Smooth section in principal bundle

[sperber]

Hi!

I have the following problem: Let P be a principal bundle over a manifold M, p: P -> M. Let G be the lie group acting on P from the right. Now let U be an open set on M and

s : U -> P

a smooth section. Now it has been said that we can define a local trivialization of P by

t : p^{-1}(U) -> U x G, t( s(x)*g ) = (x,g)

It is clear to me that t is well-defined, bijective and that the inverse t^{-1} given by

t^{-1}(x,g) = s(x)*g

is smooth. What I do not understand is why t itself is smooth. Can somebody help?

Thanks, Sperber

 

[jvicens]

Hello Sperber,

Thank you for your question. The smoothness of t can be understood by examining its local representation. Let p^{-1}(U) be a local trivialization of P over U. Then, for any point x in U, we can choose a local frame e_1, ..., e_n for the fiber of P at x.
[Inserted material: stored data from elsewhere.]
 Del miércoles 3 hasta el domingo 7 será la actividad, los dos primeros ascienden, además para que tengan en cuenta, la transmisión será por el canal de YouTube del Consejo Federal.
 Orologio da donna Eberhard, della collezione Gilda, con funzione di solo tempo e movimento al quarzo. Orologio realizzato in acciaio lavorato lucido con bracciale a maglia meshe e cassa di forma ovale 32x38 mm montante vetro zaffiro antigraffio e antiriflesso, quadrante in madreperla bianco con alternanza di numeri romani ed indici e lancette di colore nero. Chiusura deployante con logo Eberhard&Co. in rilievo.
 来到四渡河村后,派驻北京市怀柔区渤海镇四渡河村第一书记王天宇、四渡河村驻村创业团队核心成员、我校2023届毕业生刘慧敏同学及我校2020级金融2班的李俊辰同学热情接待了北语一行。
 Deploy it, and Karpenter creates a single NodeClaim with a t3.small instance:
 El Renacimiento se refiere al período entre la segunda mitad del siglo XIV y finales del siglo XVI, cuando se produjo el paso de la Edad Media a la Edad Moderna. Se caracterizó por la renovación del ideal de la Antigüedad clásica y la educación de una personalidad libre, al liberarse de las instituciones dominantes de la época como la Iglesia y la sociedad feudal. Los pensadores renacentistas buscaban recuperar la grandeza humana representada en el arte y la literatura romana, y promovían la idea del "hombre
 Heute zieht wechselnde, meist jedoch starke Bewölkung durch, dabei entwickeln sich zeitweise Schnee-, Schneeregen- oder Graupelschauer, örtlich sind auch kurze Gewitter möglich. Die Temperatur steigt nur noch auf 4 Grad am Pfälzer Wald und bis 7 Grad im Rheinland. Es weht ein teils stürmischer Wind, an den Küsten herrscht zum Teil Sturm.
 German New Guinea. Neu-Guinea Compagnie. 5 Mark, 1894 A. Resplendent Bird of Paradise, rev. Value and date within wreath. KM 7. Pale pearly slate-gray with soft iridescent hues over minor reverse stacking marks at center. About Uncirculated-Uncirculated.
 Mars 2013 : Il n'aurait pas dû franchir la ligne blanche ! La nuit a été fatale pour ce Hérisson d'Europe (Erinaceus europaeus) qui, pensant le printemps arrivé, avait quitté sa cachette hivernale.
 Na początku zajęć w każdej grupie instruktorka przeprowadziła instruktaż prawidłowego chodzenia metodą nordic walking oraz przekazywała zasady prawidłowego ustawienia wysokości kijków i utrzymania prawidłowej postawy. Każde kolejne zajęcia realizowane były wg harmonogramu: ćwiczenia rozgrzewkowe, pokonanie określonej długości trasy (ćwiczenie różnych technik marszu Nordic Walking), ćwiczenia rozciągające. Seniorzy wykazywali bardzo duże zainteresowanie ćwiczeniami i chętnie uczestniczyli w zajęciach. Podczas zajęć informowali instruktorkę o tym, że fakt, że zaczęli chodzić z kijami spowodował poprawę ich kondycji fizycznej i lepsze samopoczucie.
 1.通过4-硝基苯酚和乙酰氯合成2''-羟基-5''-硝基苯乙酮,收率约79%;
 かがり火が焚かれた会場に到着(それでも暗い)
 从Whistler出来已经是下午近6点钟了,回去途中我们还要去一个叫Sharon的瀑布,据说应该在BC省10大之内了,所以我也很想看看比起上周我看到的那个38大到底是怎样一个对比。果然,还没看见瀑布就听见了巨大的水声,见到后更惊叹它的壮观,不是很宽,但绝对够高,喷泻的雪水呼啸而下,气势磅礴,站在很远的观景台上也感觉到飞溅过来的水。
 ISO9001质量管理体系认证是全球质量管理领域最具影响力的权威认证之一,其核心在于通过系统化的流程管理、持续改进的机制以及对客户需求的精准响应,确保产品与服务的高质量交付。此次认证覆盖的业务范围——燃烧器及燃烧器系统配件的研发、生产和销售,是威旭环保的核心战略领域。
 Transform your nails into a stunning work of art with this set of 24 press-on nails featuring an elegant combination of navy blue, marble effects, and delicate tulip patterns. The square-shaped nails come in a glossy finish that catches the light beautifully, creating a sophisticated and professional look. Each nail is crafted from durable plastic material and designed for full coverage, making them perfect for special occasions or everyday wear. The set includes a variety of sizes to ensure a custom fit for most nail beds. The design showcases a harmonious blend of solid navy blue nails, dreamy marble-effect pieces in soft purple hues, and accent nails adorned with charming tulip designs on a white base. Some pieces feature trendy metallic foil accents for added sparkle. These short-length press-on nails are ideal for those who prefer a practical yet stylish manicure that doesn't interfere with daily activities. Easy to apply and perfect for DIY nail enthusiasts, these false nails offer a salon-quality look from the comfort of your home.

This frame can be extended to a global frame on P by using the right action of G. This means that for any point y in P, we can write y = s(x)*g for some g in G. Then, the frame at y is given by e_1*g, ..., e_n*g.

Now, let's consider the local representation of t at y. We have t(y) = (x,g) = (x, e_1*g, ..., e_n*g). This is a smooth map from p^{-1}(U) to U x G, since each component is smooth. Therefore, t is a smooth map.

I hope this helps clarify the smoothness of t. Let me know if you have any further questions.